● **PROBLEM TO WORK ON**: Once the line containing "隨后市委文明辦思想道德建設科" is found, please copy it and all lines after it through the end of the records, exactly, leaving out pictures.

TASK DATA START

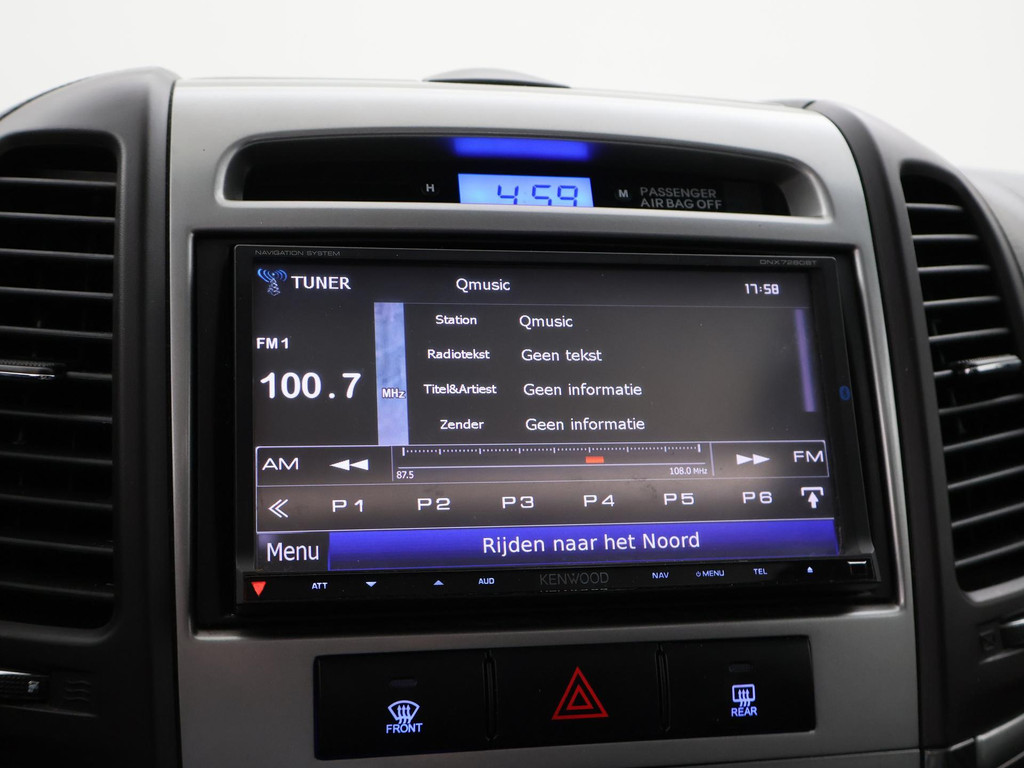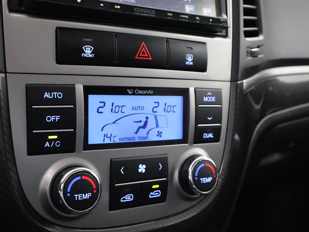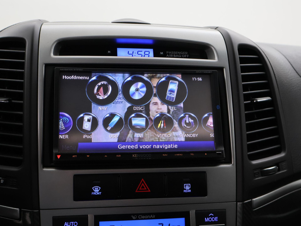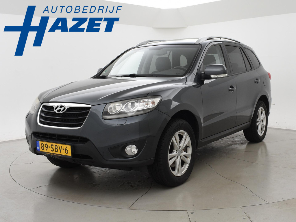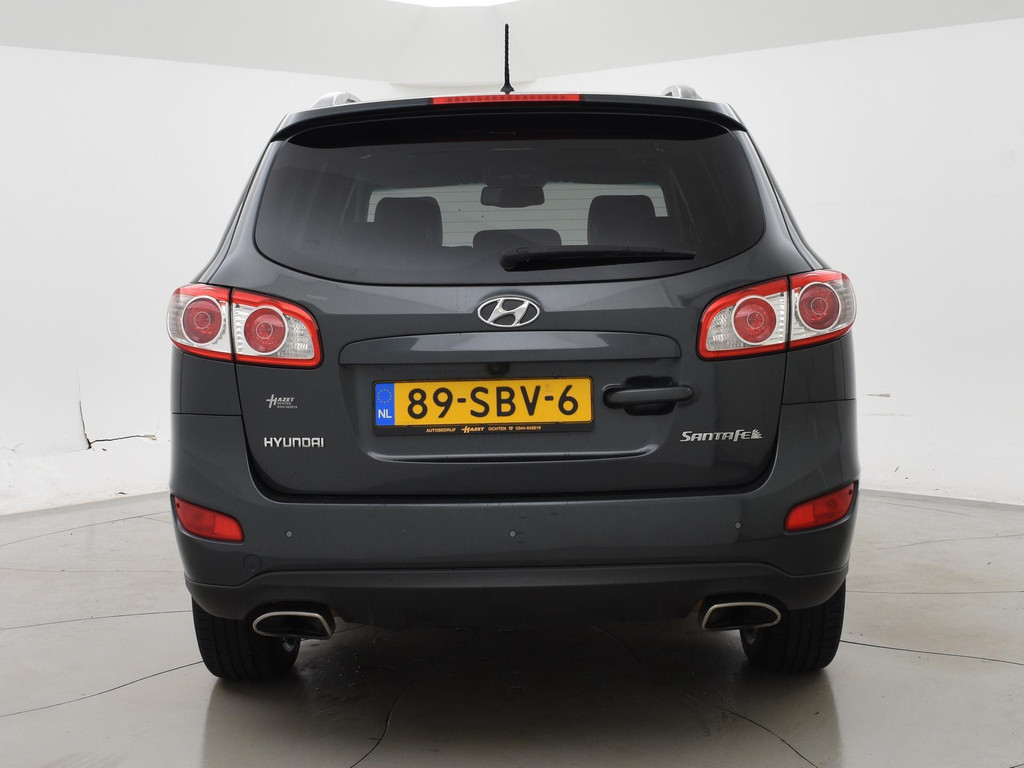 5-persoons geel kenteken benzine Santa Fe 2.4i 174 PK met 6 versnellingen, Donkergrijs metallic met zwart volledig leder interieur, Elektrisch schuif/kanteldak, Navigatie touch-screen, Privacy glass, Cruise control, Xenon verlichting, Climate control, Bluetooth telefoon met audiostreaming, Elektrische stoelverstelling, Koplampsproeiers.
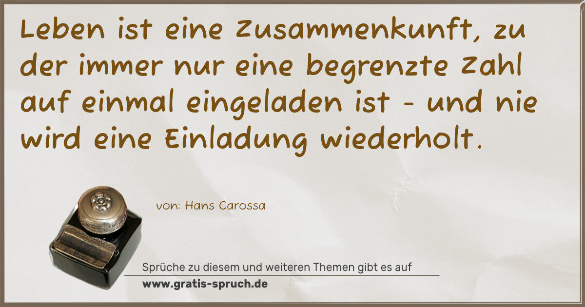 Leben ist eine Zusammenkunft, zu der immer nur eine begrenzte Zahl auf einmal eingeladen ist - und nie wird eine Einladung wiederholt.
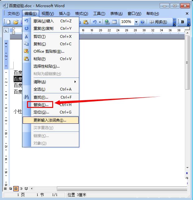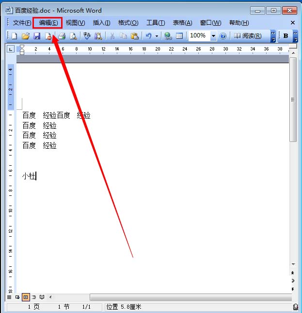 2、然后点击菜单栏上的“编辑” 如图
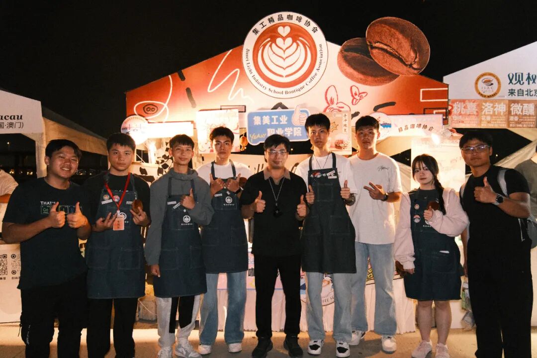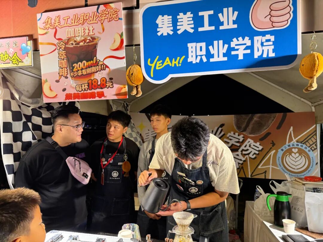 从午后到日暮,摊位前的队伍从未间断,咖啡壶续了一次又一次。当最后一杯咖啡递出时,空气中还残留着淡淡的香气。这场咖啡季的邂逅,有大咖指导的专业赋能,有领导关怀的暖心加持,更有社团成员的热血付出,让“集工咖啡社”的名字与青春、专业、热爱牢牢绑定。
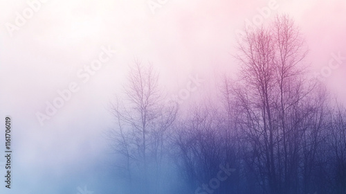 Foggy morning with trees and soft pastel colors at dawn near a serene landscape
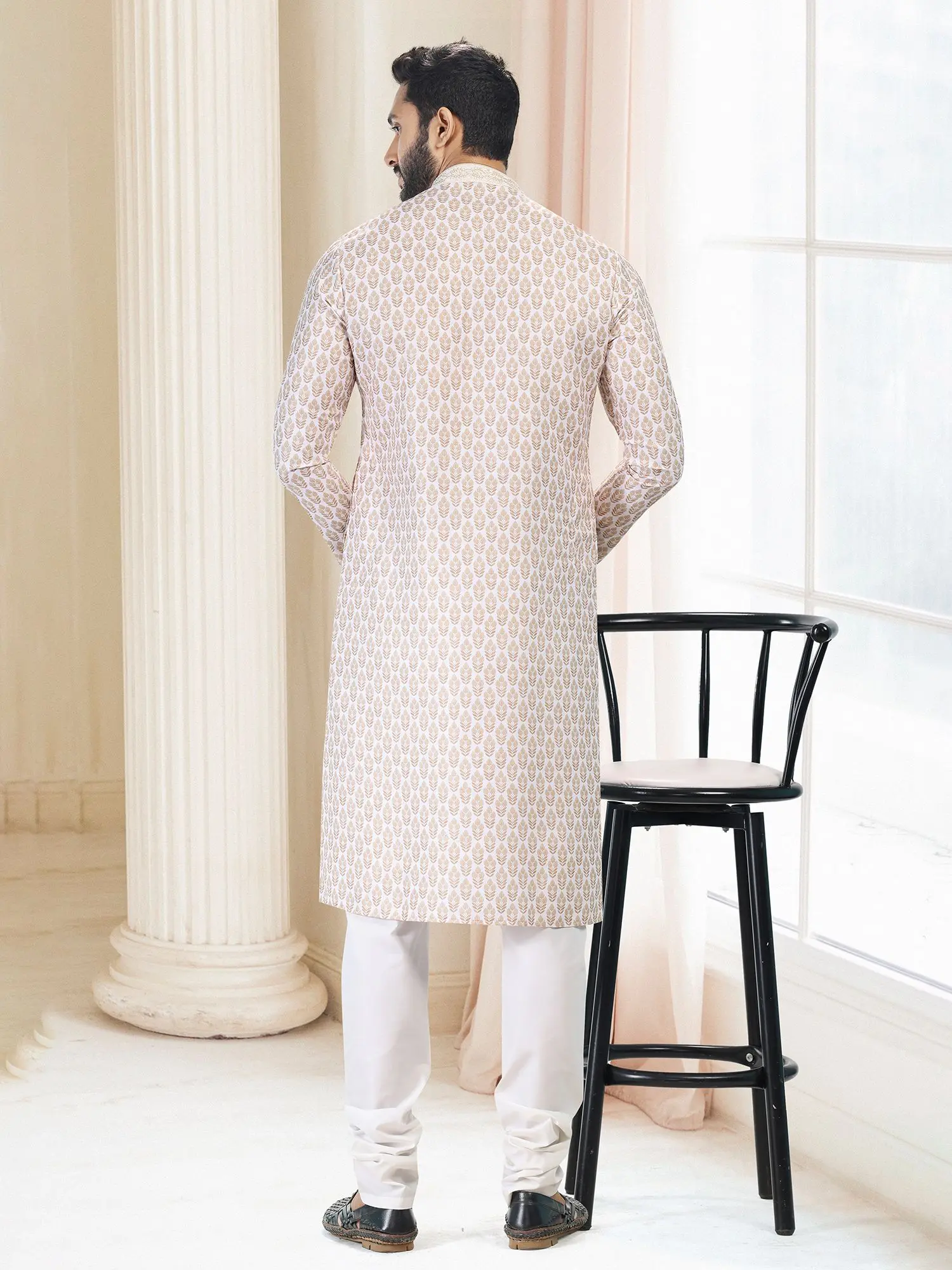 Drawing inspiration from centuries of rich cultural heritage, this attire embodies the spirit of traditional Indian celebratory wear. It’s a modern interpretation of a classic silhouette, designed for the contemporary gentleman who values his roots and appreciates heritage. This garment connects you to a legacy of celebratory fashion.
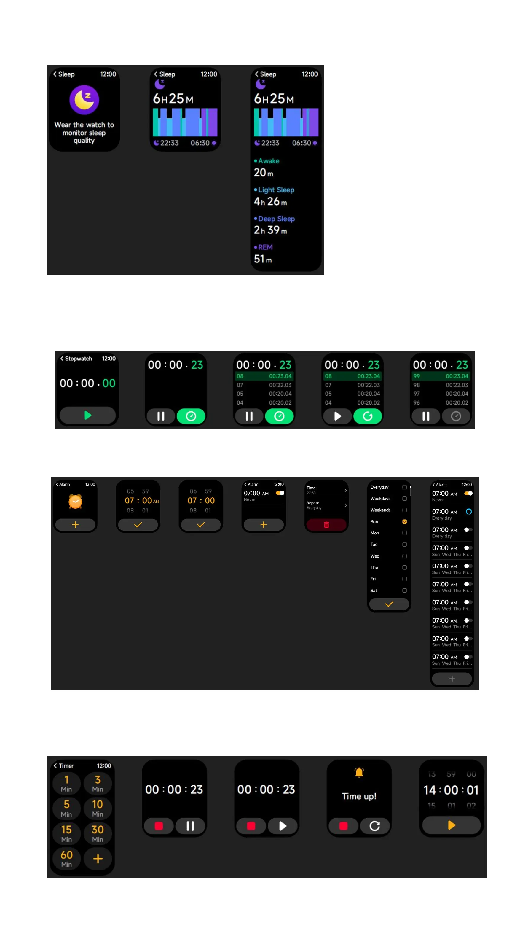 1. You can add, delete an alarm, or turn the alarm on/off on the watch, and also set an alarm for the watch via the app.
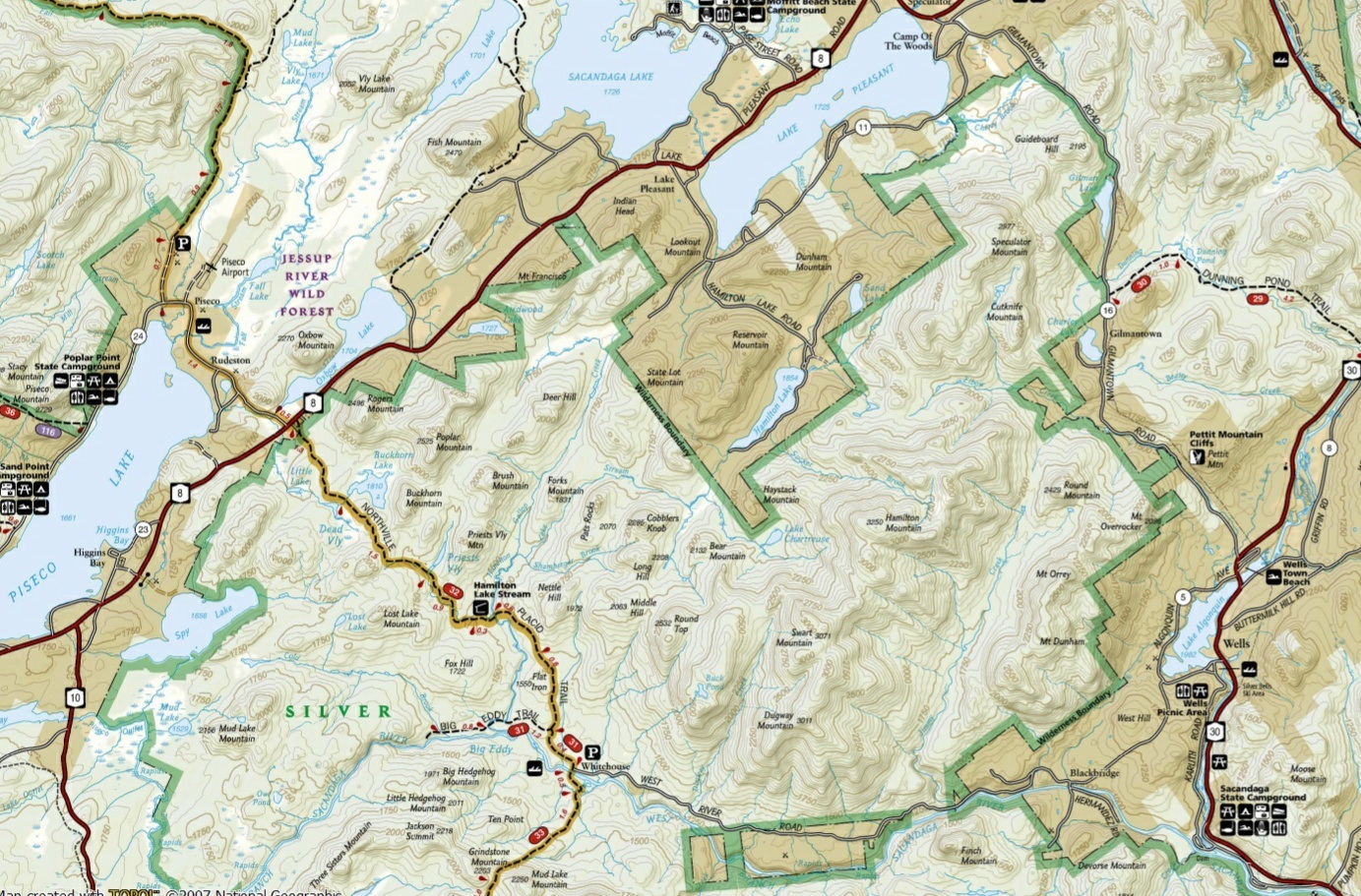 Silver Lake Mud Lake Hamilton Lake Stream Big Eddy Trail West Branch Path Vly Creek Falls Blackbridge Path Finch Mountain Jimmy Creek Falls Falls on West Branch Sacandaga West Branch Gorge Upper Stoner Lake Brown Lake Hidden Vly North Branch Reservoir Silver Lake Outlet Chub Lake Sherman Mtn Cliffs Trout Lake Mtn Cliffs Trout Lake Piseco Outlet/West Branch Confluence Rogers Mountain Duck Lake Three Ponds Mtn & Helldevil Dam The Notch Woods Lake Little Cathead Mountain Groff Creek Rock Lake Southerland Mountain
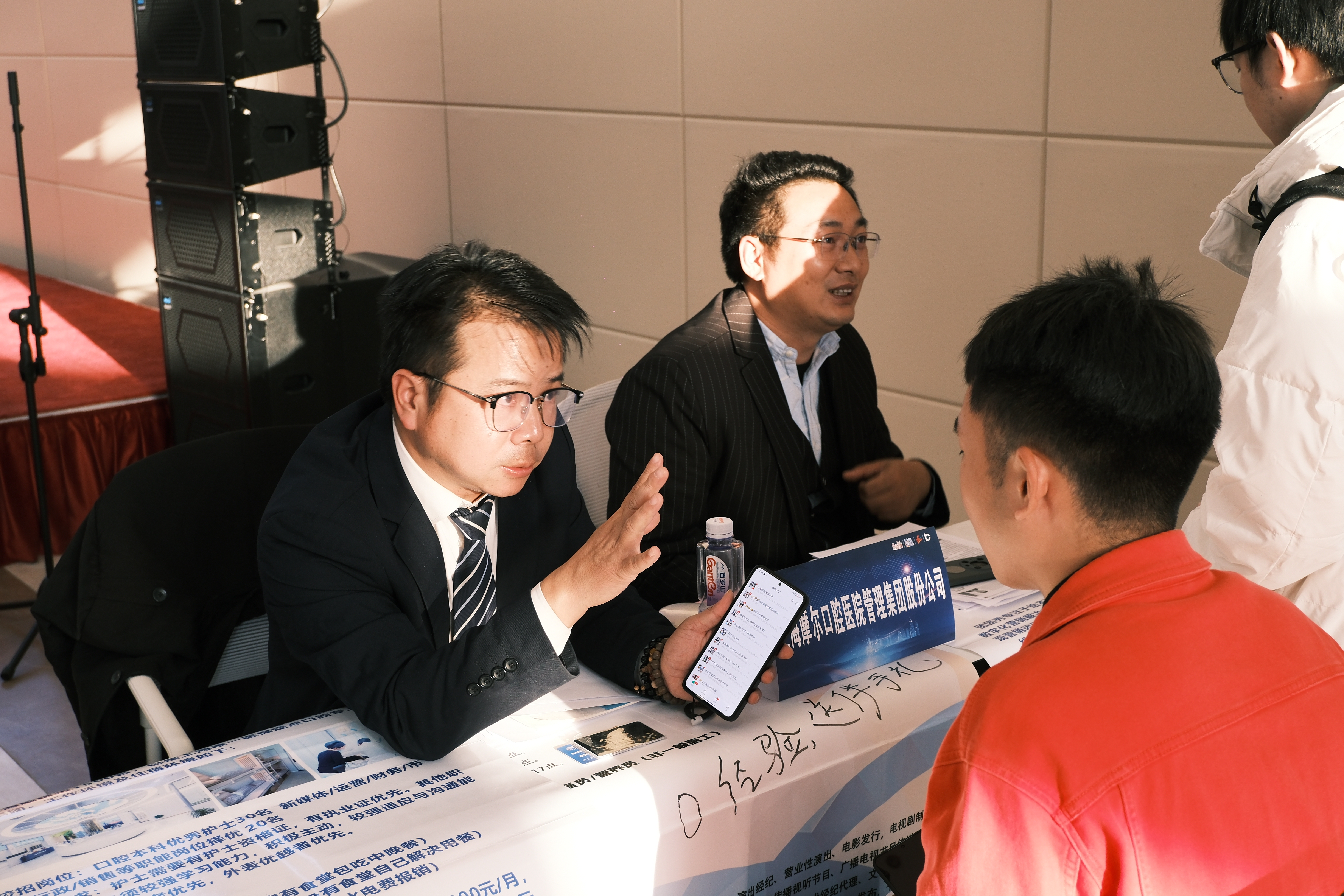 现场同步设立“求职加油站”与“征兵咨询点”。学校和学院职业导师团为同学们提供简历修改、面试辅导、政策答疑等“一对一”服务,累计修改简历百余份;征兵咨询点前,20余名有志学子详细了解军地联合培养、服役优待等政策,为职业生涯增添多元选择。
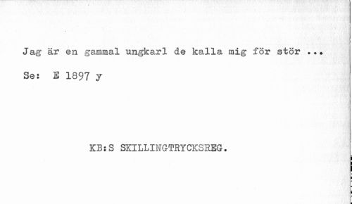//// I //// Jag är en gammal ungkarl de kalla mig för stör ... //// Se: E 1897 y //// KB: S SKILLINGTRYCKSREG. //// I ////
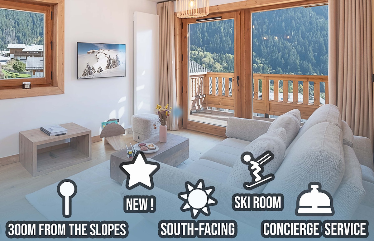 ✨Brand New 2025 built in Megève✨ 4BR, 3.5BA duplex at the Chalets of L’Éclat des Vériaz, nestled in a 3-hectare park with Mont Blanc views. Indulge in the spa with indoor/outdoor pools, sauna, hammam, jacuzzi, salt cave, gym & lounge. Families will love playgrounds, kids’ playroom, tapas lounge & massage room. 1.3 km (15'stroll/7'free bus/3'car) from Megève’s ski slopes, boutiques, cafés & gourmet restaurants!
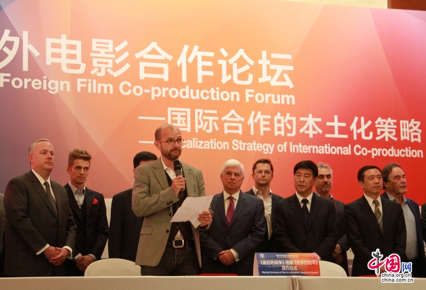 中国网4月17日讯 “中外电影合作论坛”今日在北京举行.国家新闻出版广电总局副局长童刚出席并致辞,美国导演奥利弗·斯通、墨西哥导演阿方索·卡隆、俄罗斯导演季莫尔·贝克曼贝托夫、法国演员让·雷诺、中国导演宁瀛等就“国际合作的本土化策略”进行对话。
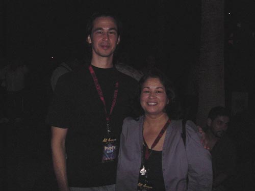 | Pindex 2002, It is, It was Pindex 2002 is now over, and what a GREAT time was had by all. This year had perhaps the biggest crowd of people in attendance since the event started in 1999. People were meeting and greeting, putting names to faces that before had only email addresses to signify them. Pins were flying all around the trading hall, changing hands like mad. It was a true pin frenzy. The activities started on Tuesday with what turned out to be a well above average line of attendees waiting for the brand new Pindex retail items to go on sale at 3pm. At it's height, the line went from the front of the retail store and reached down past Pink Taco. This was the first year that a line for the retail store has ever formed. It was Pindex madness!!!!! At the same time all this was happening, Nicole and I started signing people up at the trading hall. In those few hours I saw many familiar collectors and met a bunch of new ones. That evening was the kickoff greeting party at the HRH Beach Club by the pool. It was a warm and slightly humid night, but everything went absolutely wonderful. Food was a plenty, drinks were a flowing, and people were meetin' and greetin'. A better night could not be found anywhere in Vegas. Check out these pictures from the party.
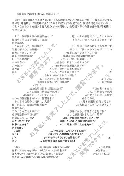 刑法2 第3課題 住居侵入罪における侵入の意義
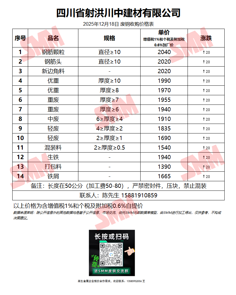 12月18日鑫泉钢铁(原绵竹金泉钢铁) 废钢采购报价
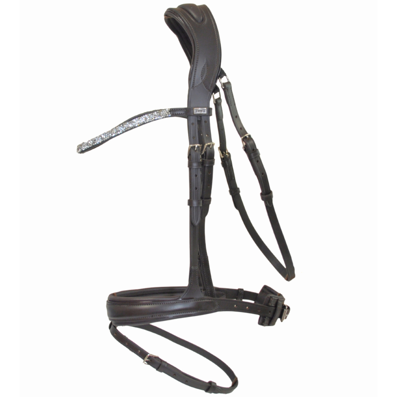 Bridle made of "superior" buffalo leather and delivered with rubber reins with large pins.
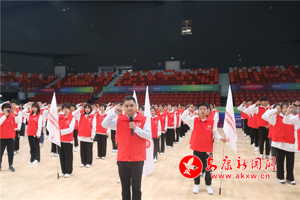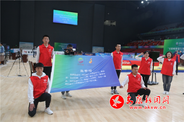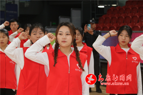 隨后市委文明辦思想道德建設科科長、項目競委會志愿者和觀眾服務處副處長劉獻兵帶領全場志愿者進行宣誓。大家鏗鏘有力的宣讀著誓詞:“我愿意成為一名光榮的青年志愿者。我承諾:盡己所能,不計報酬,幫助他人,服務社會。踐行志愿精神,傳播先進文化,為辦一屆精彩圓滿的體育盛會貢獻一份力量。”
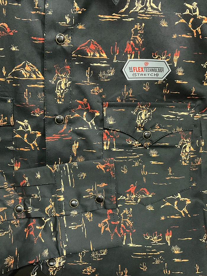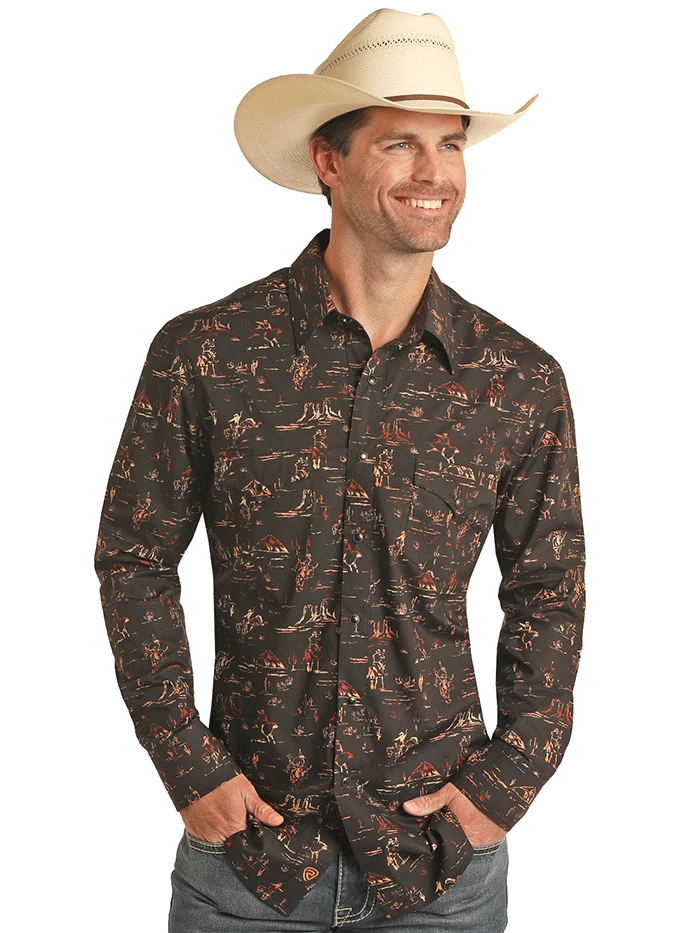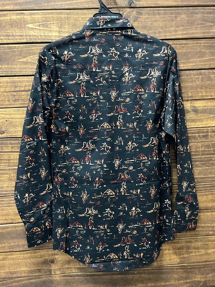 Rock & Roll Denim B2S3305 Mens Long Sleeve Snap Shirt Cowboy Print Black/Rust

TASK DATA END

● **PROBLEM SOLUTION**:
 隨后市委文明辦思想道德建設科科長、項目競委會志愿者和觀眾服務處副處長劉獻兵帶領全場志愿者進行宣誓。大家鏗鏘有力的宣讀著誓詞:“我愿意成為一名光榮的青年志愿者。我承諾:盡己所能,不計報酬,幫助他人,服務社會。踐行志愿精神,傳播先進文化,為辦一屆精彩圓滿的體育盛會貢獻一份力量。”
 Rock & Roll Denim B2S3305 Mens Long Sleeve Snap Shirt Cowboy Print Black/Rust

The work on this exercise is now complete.